NAVAJOS WANT TRUMP TO SUBSIDIZE MINE, POWER PLANT
Navajo Nation political officials are endorsing a plan to ask the federal government for coal subsidies to keep the Kayenta Mine and Navajo Generating Station operating.
The coal-fired power plant is not economical for Salt River Project and its other four owners, who voted recently to run it through the end of 2019 if possible, but give up their ownership after that. Closing the power plant near Page would mean closure for the Kayenta Mine, which feeds it with hundreds of millions of dollars worth of coal a year.
While the closure would benefit the environment as utilities turn to cheaper, cleaner-burning natural gas, it would devastate the economies of the Navajo and Hopi tribes, whose members depend on the two facilities for jobs, government revenues and smaller services such as free coal to heat homes.
So far, no solid plan has developed to keep the facilities open, though representatives of the tribes and other stakeholders met March 1 with officials from the U.S. Department of the Interior to explore possibilities.
‘MIDCENTURY MARVEL’ BANK RAZED
Crews on Wednesday demolished a 1954 bank building, known by historic preservationists as one of Phoenix’s “midcentury marvels,” to make way for residences north of Margaret T. Hance Park.
The plans announced last year to turn what was once the Willetta Branch of Valley National Bank to rubble drew concern from preservationists. Phoenix’s Historic Preservation Commission didn’t take action to protect the building, but used it to spur changes to the city’s demolition process.
The building was eligible for city historic designation, which would have temporarily prevented its destruction, but it was never listed.
ARIZONA TASERED IN BRAND-VALUE STUDY
Apparently a lot of people haven’t rented a U-Haul truck, shopped for cat litter at PetSmart or viewed an outrageous GoDaddy TV commercial, because those three Arizona-based brands received no mention in a study of the most valuable and recognizable brands in America.
In fact, no Arizona brands or companies rank among the top 500 nationally, according to a new study by London-based Brand Finance. That makes Arizona one of just 13 states not to receive any recognition in the report.
Sprouts Farmers Market also failed to make the list, as did the University of Phoenix, LifeLock and all other local companies. Even Taser, the stun-gun maker whose corporate name has been transformed into a verb in popular usage, didn’t make the grade, azcentral’s Russ Wiles reports.

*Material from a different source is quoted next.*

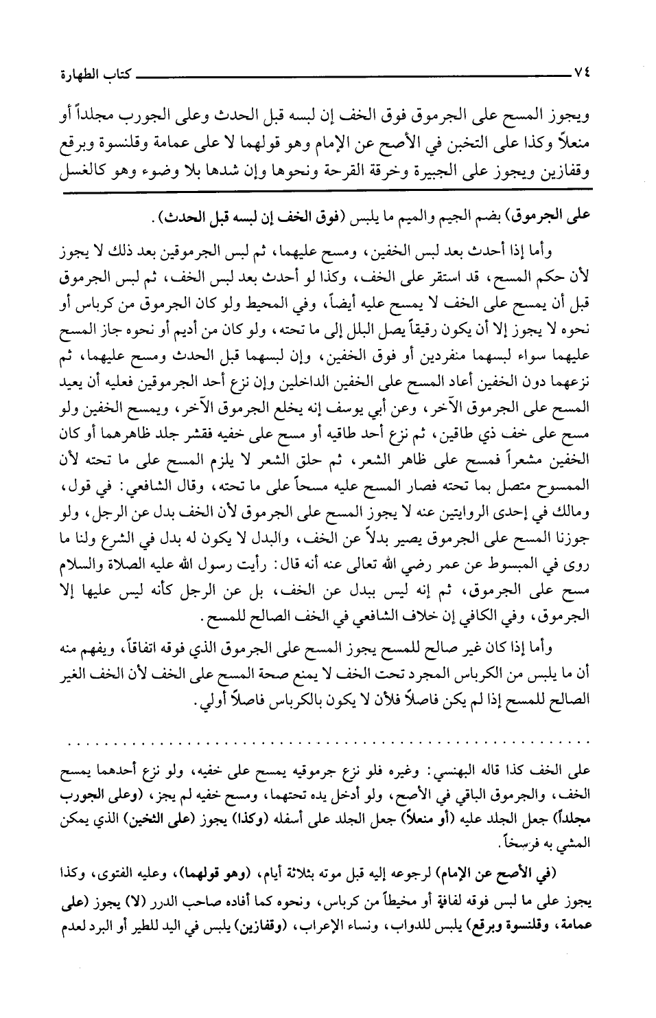 وَيجوز الْمسْح على الجرموق فَوق الْخُف إِن لبسه قبل الْحَدث وعَلى الجورب مجلداً أَو منعلاً وَكَذَا على التخبن فِي الْأَصَح عَن الإِمَام وَهُوَ قَوْلهمَا لَا على عِمَامَة وقلنسوة وبرقع وقفازين وَيجوز على الْجَبِيرَة وخرقة القرحة وَنَحْوهَا وَإِن شدها بِلَا وضوء وَهُوَ كالغسل

MCCAIN ‘CRAZY FAT KID’ REMARK TICKS OFF N. KOREA
North Korea expressed outrage Thursday at Sen. John McCain’s description of President Kim Jong Un as a “crazy fat kid,” calling the former presidential candidate a “noted idiot.”
The Arizona Republican made the comment last week on MSNBC’s For the Record with Greta while suggesting Beijing should do more to control North Korea’s bad behavior.
“China is the one, the only one, that can control Kim Jong Un, this crazy fat kid that’s running North Korea,” McCain said, adding that China “could stop North Korea’s economy in a week.”
TODAY IN HISTORY
- In 1822, Florida became a United States territory.
- In 1870, the 15th Amendment to the U.S. Constitution, which prohibited denying citizens the right to vote and hold office on the basis of race, was declared in effect by Secretary of State Hamilton Fish. Texas was readmitted to the Union.
- In 1923, the Cunard liner RMS Laconia became the first passenger ship to circle the globe as it arrived in New York.
- In 1959, a narrowly divided U.S. Supreme Court, in Bartkus v. Illinois, ruled that a conviction in state court following an acquittal in federal court for the same crime did not constitute double jeopardy.
- In 1975, as the Vietnam War neared its end, Communist forces occupied the city of Da Nang.
- In 1981, President Ronald Reagan was shot and seriously injured outside a Washington, D.C., hotel by John W. Hinckley, Jr.; also wounded were White House press secretary James Brady, Secret Service agent Timothy McCarthy and a District of Columbia police officer, Thomas Delahanty.
- In 2006, American reporter Jill Carroll, a freelancer for The Christian Science Monitor, was released after 82 days as a hostage in Iraq.